Now, I am the child of Nanook the Barbarian and the Angry Russian, whose battles rage as fierce as their names imply. As you may expect given this lineage, I inherited a volatile temper. I tend to bottle my anger and flee the scene so it won’t explode on anyone in a violent outburst. Sometimes I fail miserably and spew caustic nonsense. Sometimes I keep it contained and the anger turns to resentment. Figuring out what to do with this surplus of negative energy has been an ongoing struggle. It may always be a challenge I have to deal with, but I think it’s worth finding peaceful solutions to the problem.
In yoga boot camp I learned a couple practices to deal with negative emotions. One practice is to replace the negative with its opposite on the emotional spectrum. If greed is a problem, practice generosity. Give more away than you hoard. If you find yourself depressed, work to cultivate joy. Replace the anger you have with peace. Pretty simple idea. Trickier to do.
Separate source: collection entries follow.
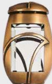
T 10 090
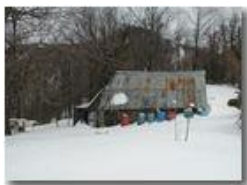
Il vecchio ovile sotto la neve

Pietro Marcheselli - Olympus Camedia 3000 2005 - Inverno - Savignone - Paesi
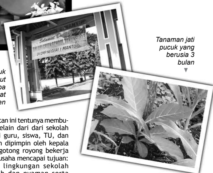
Spanduk menyambut juri Lomba Adiwiyata tingkat kabupaten
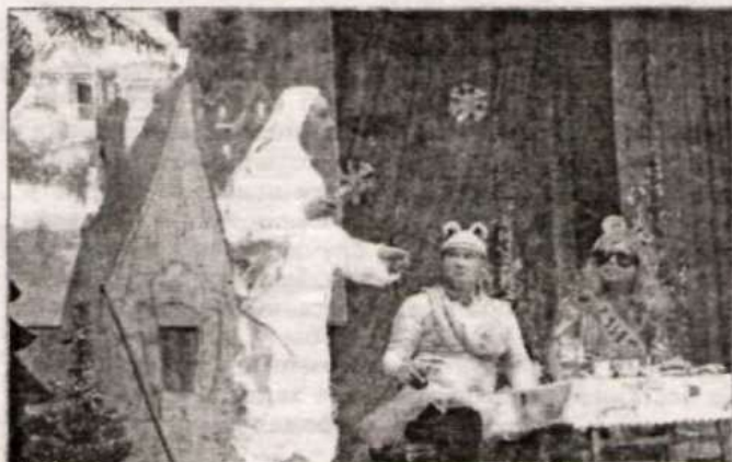
Артисты из ООО «Новичиха лес».
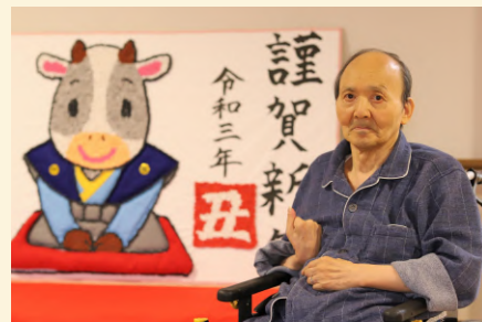
国立劇場の本を見て絵を描くことが今の目標で勉強中です☆
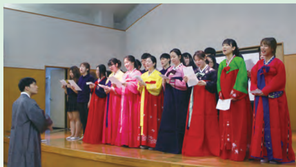
韓国青年がソウルオリンピックのテーマ曲「手に手を取って」を合唱する（日韓文化交流の夕べ）
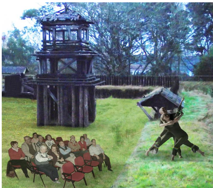
ILUSTRACIÓN 30. Recreación digital de fortificaciones como posible soporte cultural, plataforma de artistas y espacios de desarrollo artístico (2)
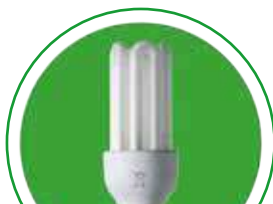
Lampe à LED
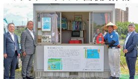
牛川の渡しの看板取付とAED寄贈
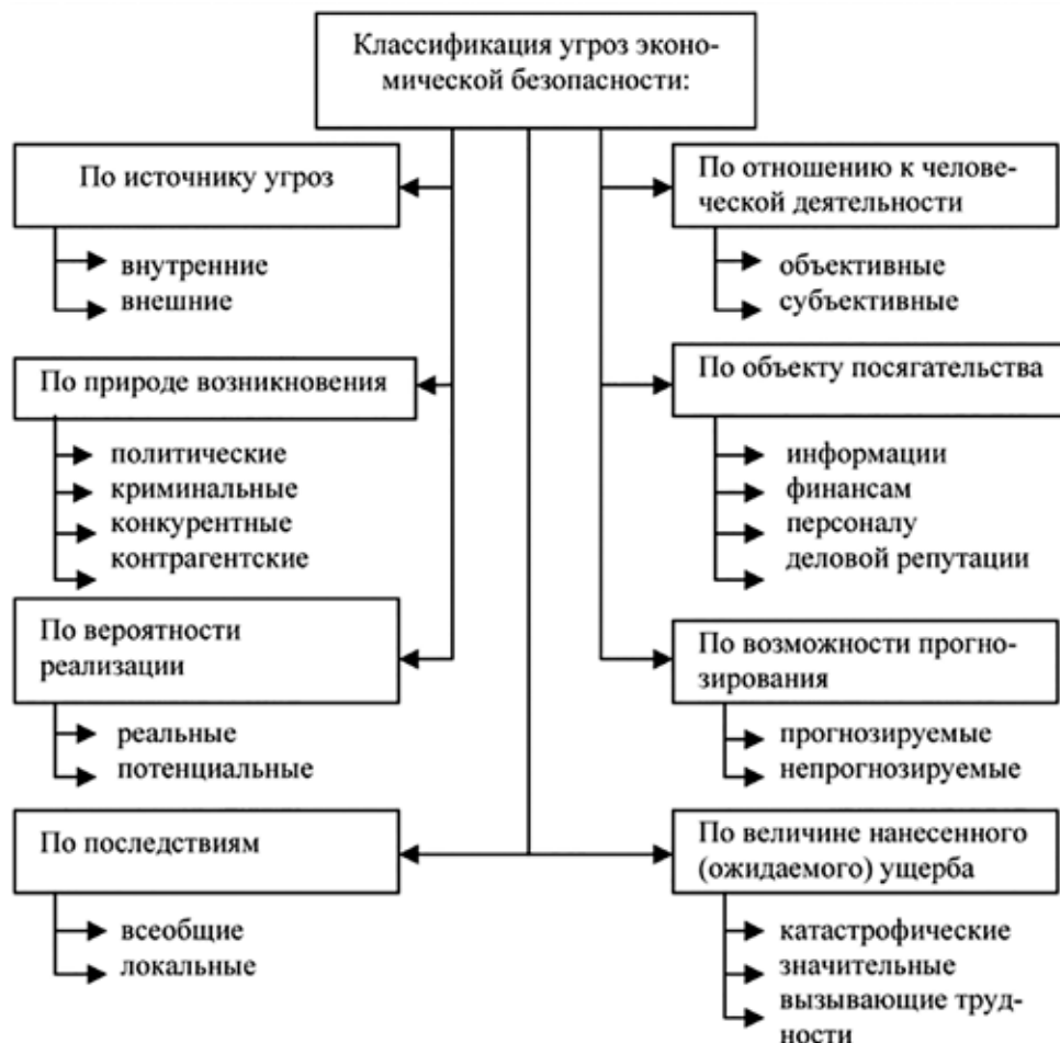
Рис. 2. Угрозы экономической безопасности предприятию [17]

Эффективная система управления возможно только при условии создания целостной системы управления вышеуказанными факторами. Так, например, управляя персоналом, важно изначально распределить между сотрудниками обязанности и уровень ответственности [16].
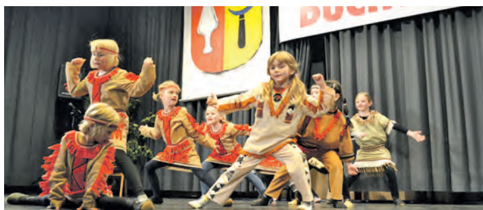
Die fetzigen Indianer vom TV Duchtlingen bekamen viel Beifall.
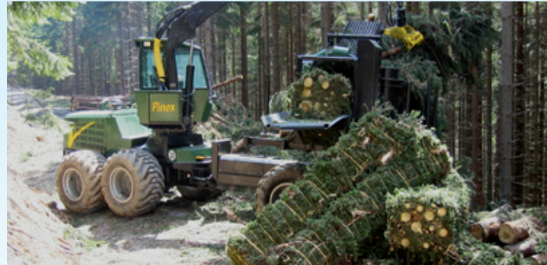
Waldrestholzgewinnung durch maschinelle Bündelung.

Beraten, entwickeln, planen, bauen, betreiben: Wir verfügen über alle erfolgsrelevanten Kompetenzen. Diese beinhalten im Einzelnen:
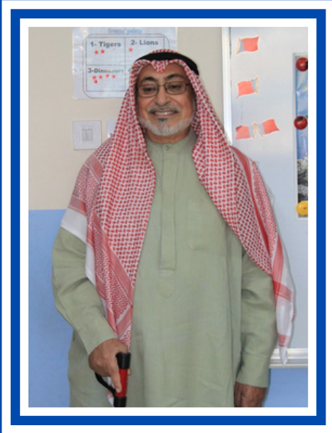
سعادة المرحوم الشيخ عيسى بن محمد آل خليفة طيب الله ثراه (مؤسس مدارس الفلاح)

مدارس الفلاح الخاصة هي احدى أهم المؤسسات التربوية في مملكة البحرين تأسست في عام 1990 م
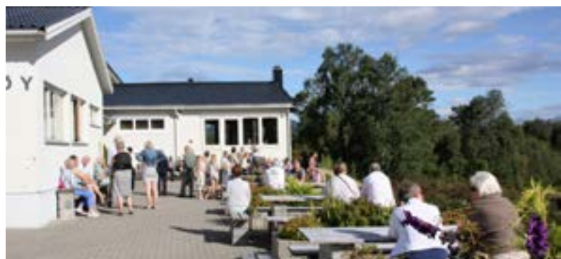
Sola skein og det var godt å vera ute på Brandøydagen
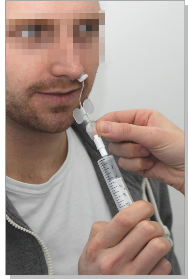
Aufpumpen der Tamponade mit Luft
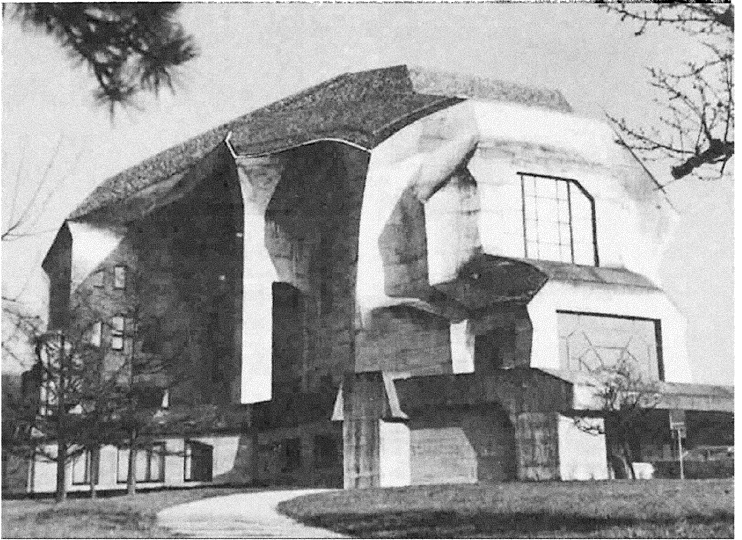
Der ausgeführte Bau von Südwesten
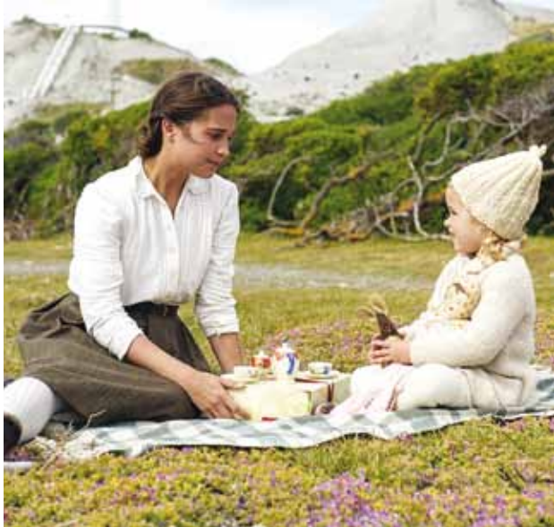
Alicia Wikander mängib filmis "Valgus ookeanide vahel" naist, kes leiab lapse.

21. oktoobril esilinastub Viimsis romantiline suhtedraama pealkirjaga "Maggie plaan". Nimikangelane pole leidnud armastust ning nii otsustabki ta hankida lapse omapead.
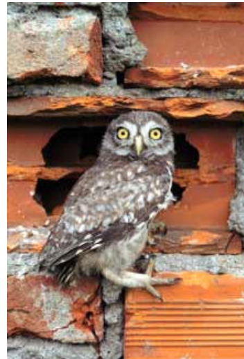
Esemplare di Athene noctua

proprio a particolarità ambientali che devono puntualmente essere descritte.
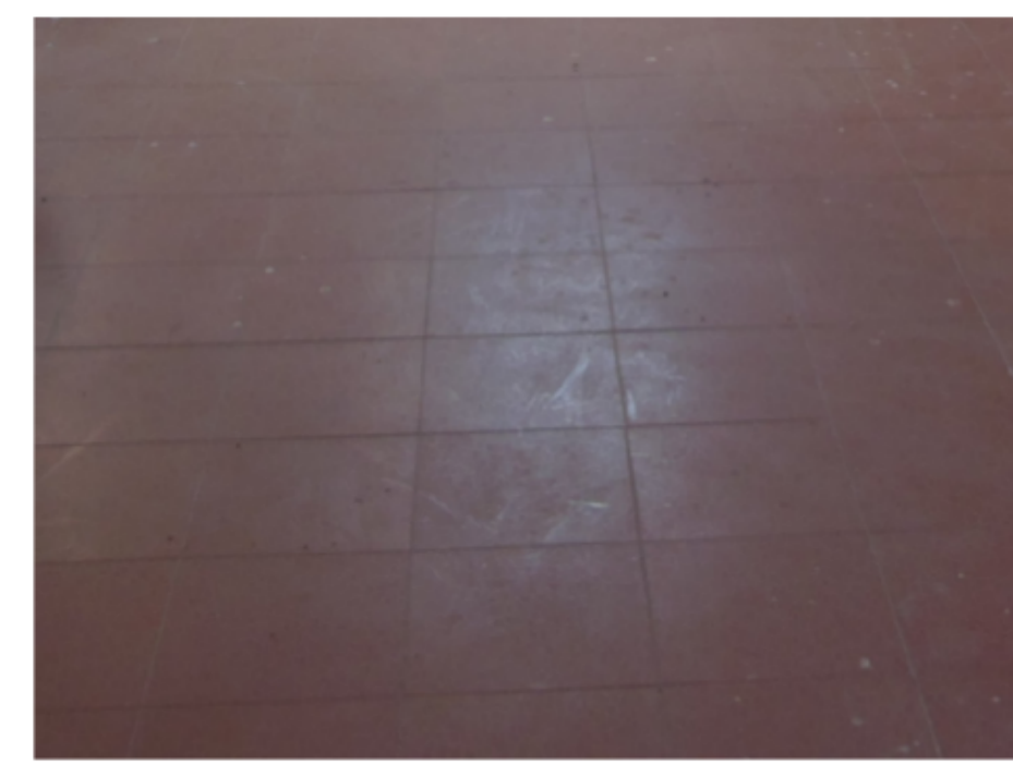
PAVIMENTO IN COTTO Piastrelle 30x30 tinta come esistente posate a griglia 90°
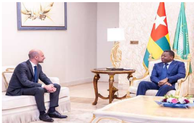
Le Président du Conseil et le ministre français

Les deux personnalités ont procédé à un examen approfondi des axes structurants de la coopération bilatérale, avec une attention particulière au partenariat économique et commercial.
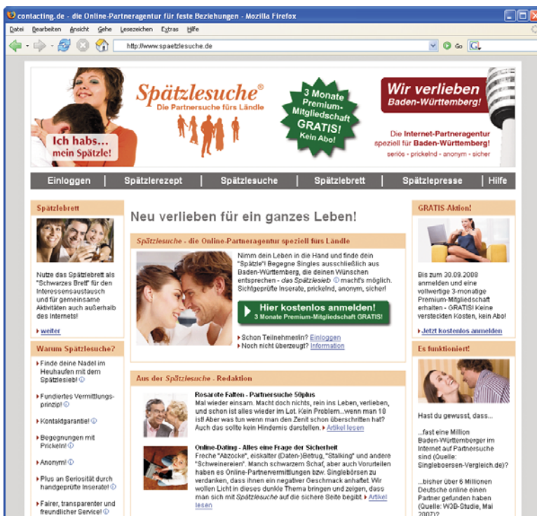
Abbildung: Screenshot Startseite Spätzlesuche.de

Zielgruppe: Partnersuchende ab 40 Jahren aus D, AT, CH mit dem Wunsch nach einer festen Beziehung.
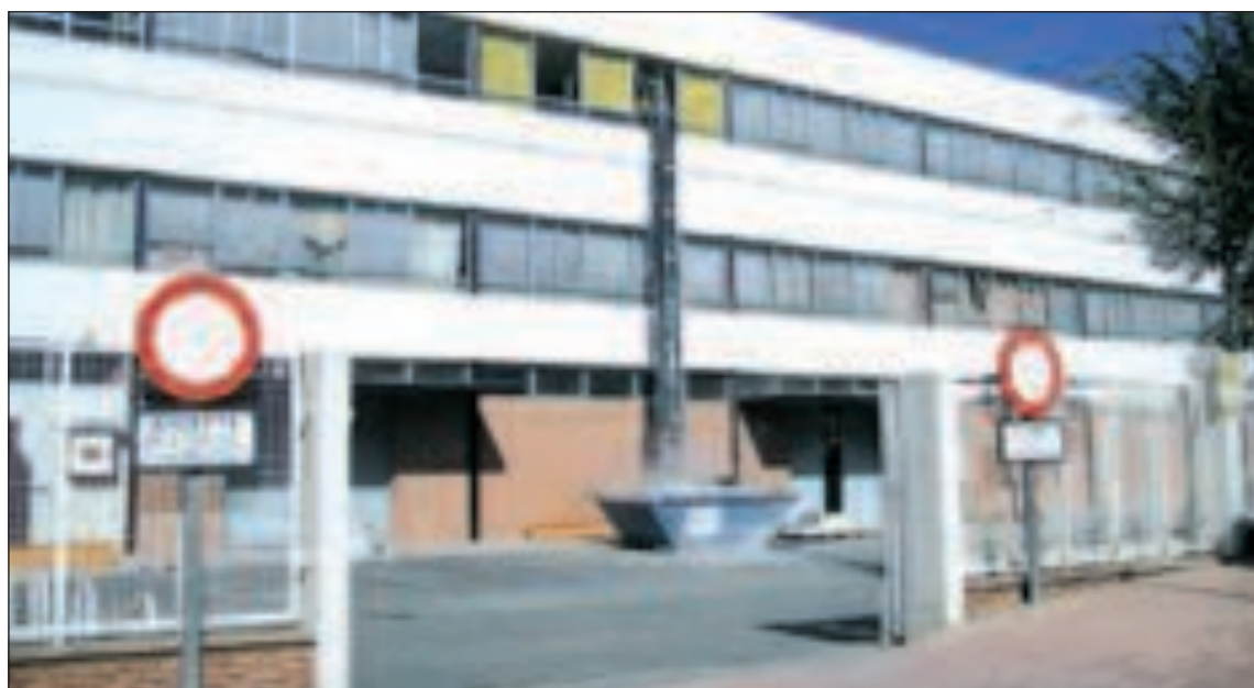
Aspecto actual de Famosa I, donde se encontraban las oficinas, que tras el convenio pasará a albergar viviendas

actual. Y por último, la obligación de que la mercantil construya viviendas de protección oficial en los terrenos conocidos como Famosa 1 lo que permitirá a “Onil reconvertir el centro urbano” con las nuevas edificaciones, espacios verdes y comercios.
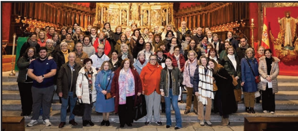
En la festividad de su patrón, San Enrique de Ossó, más de un centenar de catequistas vivieron su Jubileo en este Año Jubilar del Corazón de Jesús en una jornada de encuentro, oración y formación en la que compartieron la alegría de este ministerio que educa en la fe. El arzobispo de Valladolid, Luis Argüello, les acompañó en la Santa Iglesia Catedral para celebrar la eucaristía y templo donde pudieron ver la exposición 'Venega tu Reino'.

E l Santuario Nacional de La Gran Promesa (SNGP) fue inaugurado en 1941 y, el 12 de mayo de 1964, el papa Pablo VI concedió al templo el título de basílica menor. El Centro Diocesano de Espiritualidad (CDE) nació el 28 de septiembre de 1994 como un lugar de acogida, descanso, oración y formación, donde encontrarse con Dios, con uno mismo o con los demás. Ambos edificios son lugares de paz, en pleno corazón de Valladolid.
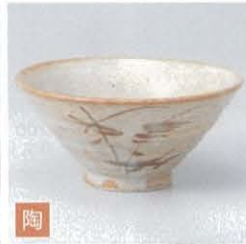
351-205-330 1,100円 志野スキ のり茶碗 (15×7) 832520433
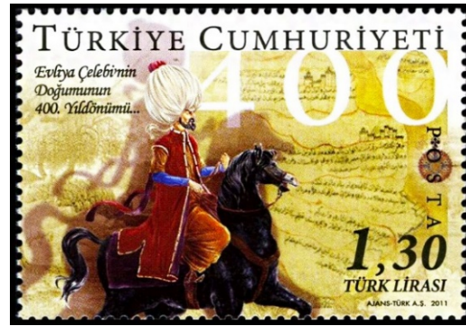
Resim 17. Evliya Çelebi 36x52 mm.
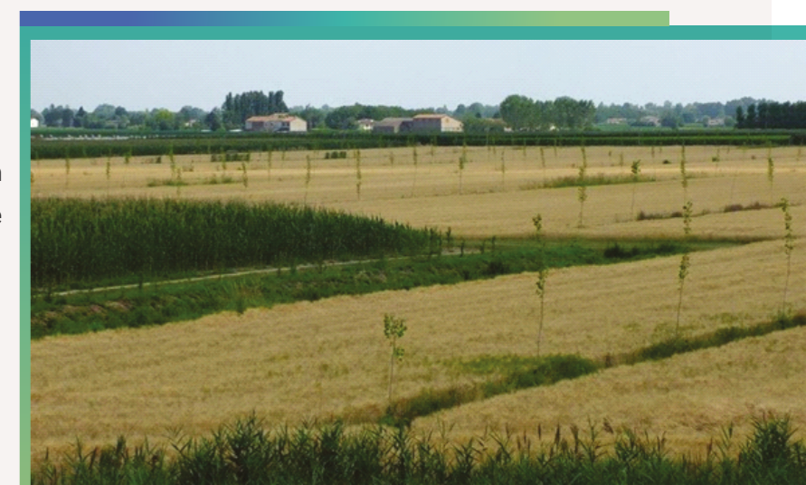
Nasadzenia topól w systemie rolno-leśnym. Północne Włochy.
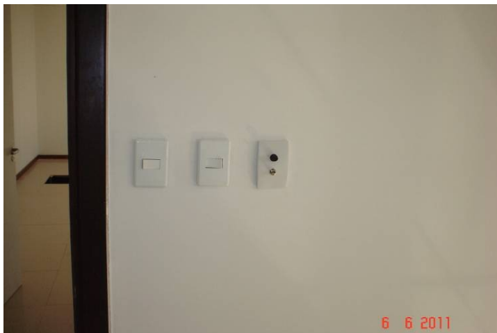
Detalhe da instalação de interruptores e botão de volume de som ambiente.
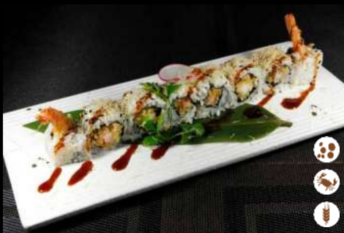
93 URA EBITEN ❄️

tonno cotto, cetrioli, philadelphia, gamberi cotti

Two other practices we learned are raja and nada yoga. Raja yoga is meditation and I’ve written about it elsewhere (Be Quiet, Be Still). Nada yoga pertains to the power of sound. I’m a bit obsessed with this topic. I’ve devoted over a decade to studying the production of sound and resonance as it pertains to speech development, production, and disorder from the perspective of American linguists and speech-language pathologists. Nada yoga breathed new life into this discipline. According to this belief system, everything in the cosmos is vibrating at some frequency. Even you. Pause a moment to think on that. It’s an amazing concept. There’s your own inner music, or anahata (can you catch the strains of your own personal tune?) and the vibrations that surrounds you (ahata). You can harness the energy of both through music, mantra, and chanting. If the terms mantra and chanting don’t work for you, then replace them with the metaphor that does. Mantra – what words do you repeat over and over to yourself? Are they protecting your mind from negative energy or creating more of it? Chanting – whose words and tune are you singing? Both will affect your mood. For example, if you’re feeling depressed then singing along to Reba McEntire’s For My Broken Heart may not do much to elevate you out of your funk. Try an inspirational or devotional song and make a joyful noise. I’ve found U-2’s Beautiful Day works wonders for me.
How to radiate joy? First be responsible for the energy you project. Cultivate joy and it will naturally bubble over.